Note that the monitoring machine may very well be, at the same time, itself be monitored (be it by itself, or by another monitoring machine).

Requirements

Human interface

The monitoring system:

  • MUST send email notifications to the sysadmin(s) in charge, to lower the downtime.
  • MUST offer an overview of the status of our systems, via a web interface that works within Tor Browser with the security slider set to Medium-High.
  • MAY additionally offer a read-only version of this overview, that we may want to make available to selected contributors, or anonymous users. Needless to say, this must be carefully balanced with the security implications of such a system (in other words, a set of exported static HTML pages is totally fine, but a huge dynamic web application is probably a non-starter).
  • MUST support configuring, with a per-check/per-service granularity, a threshold of N failures in a row before an alert is raised. Still, it SHOULD support triggering alerts depending on the frequency of such failures, even when they never fail twice in a row (we don't want to miss the fact that $service is down for 5 minutes every day). Implementation details may vary, but you get the idea.

Threat model

Compromised monitored machine

  • We do not try to avoid the fact that it can report wrong information (this includes missing information) about itself.
  • It MUST NOT result in a compromise of the monitoring machine.
  • It MUST NOT be able to DoS the sysadmin(s) in charge, e.g. by flooding them with alerts.
  • It MUST NOT result in a compromise of the network traffic between other monitored machines and the monitoring machine (e.g. if that traffic is encrypted, the monitored machines MUST NOT use the same private key).
  • It SHOULD NOT be able to alter the information about other monitored machines.

Compromised monitoring machine

  • We do not try to avoid the fact that it can DoS the sysadmin(s) in charge, e.g. by flooding them with alerts.
  • We do not try to avoid the fact that it can report wrong information about the monitored machines.
  • It MUST NOT be able to run arbitrary code as root on any of the monitored machines.
  • It SHOULD NOT be able to run arbitrary code as a non-privileged user on any of the monitored machines.

Network attacker

Here, we consider an attacker that may be active or passive, and can sit at any point they choose on the Internet.

We accept the risk that a network attacker:

  • can enumerate the machines and services we monitor;
  • can view the reports, test results, and any such information about monitored services, that the monitoring system needs to learn; this of course implies that we should be careful about what kind of information flows this way: it MUST NOT be a big deal if it leaks into the hands of an adversary;
  • can DoS our monitoring, e.g. by blocking network connections;
  • can spoof the reports, test results and alike about monitored services that a client has no credible means to authenticate.

However, a network attacker:

  • SHOULD NOT be able to spoof the reports, test results and alike that monitored machines send about themselves;
  • MUST NOT be able to run arbitrary code on the monitored machines;
  • MUST NOT be able to run arbitrary code on the monitoring machine.
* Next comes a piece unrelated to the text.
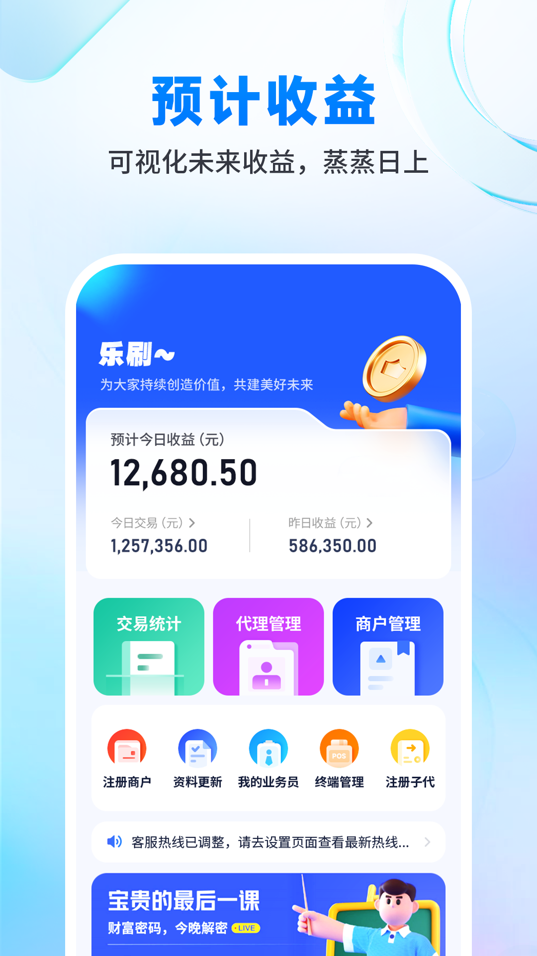 乐刷渠道版App是一款专为商户打造的聚合支付工具,支持多码合一收款、实时到账、多样化结算方式及本地化运营服务,助您轻松拓展线下生意,提升资金流转效率。立即下载,开启高效收款新体验!

Availability, sustainability

Here, we assume that the entire monitoring system has both software components that run on the monitored machines (that we call the "agent"), and software components that run on the monitoring machine (that we call the "server"). Below, the agent implicitly includes anything needed for basic usage (plugins, checks, whatever); and similarly, the server implicitly includes its web interface, and anything needed for basic usage (plugins, checks, etc.).

  • The agent MUST be usually available in all of Debian oldstable, stable, and testing -- possibly thanks to pre-existing and well-maintained official backports. All these versions of the agent MUST be compatible with the chosen version of the server.

  • The server MUST be usually available either in current Debian stable (Jessie), or in current Debian testing (Stretch). We are considering running the version from Debian testing mainly because it might avoid having to go through a costly upgrade process in a couple years, e.g. to switch to the next major, incompatible version of the software.

  • Both the agent and the server MUST be actively maintained in all the versions of Debian we care about (see above). Hint: this excludes Nagios 4.

  • Both the agent and the server MUST be DFSG-free.

  • For all involved software, the upstream project MUST be mature and active. It MUST have a confidence inspiring future. We can't afford having to migrate to a totally different monitoring setup in three years, to the extent that this can be foreseen. Hint: given Nagios 4 is not an option (see above), this in turn excludes all older versions of Nagios.

  • It SHOULD be realistically possible for external contributors to have patches merged into the upstream codebase of the involved software.

  • All the involved softwares MUST have a not-too-scary security track record.

Configuration

Here, we have two major desires. One is the ability for humans to easily review the monitoring system's configuration, or changes proposed to it, so that contributions are made easier. The other is the ability to include monitoring aspects within the description of the services we run, in a self-contained way, so that describing them in puppet is easier. Note that a system that satisfies the second requirement has great chances to also mostly satisfy the first one as well.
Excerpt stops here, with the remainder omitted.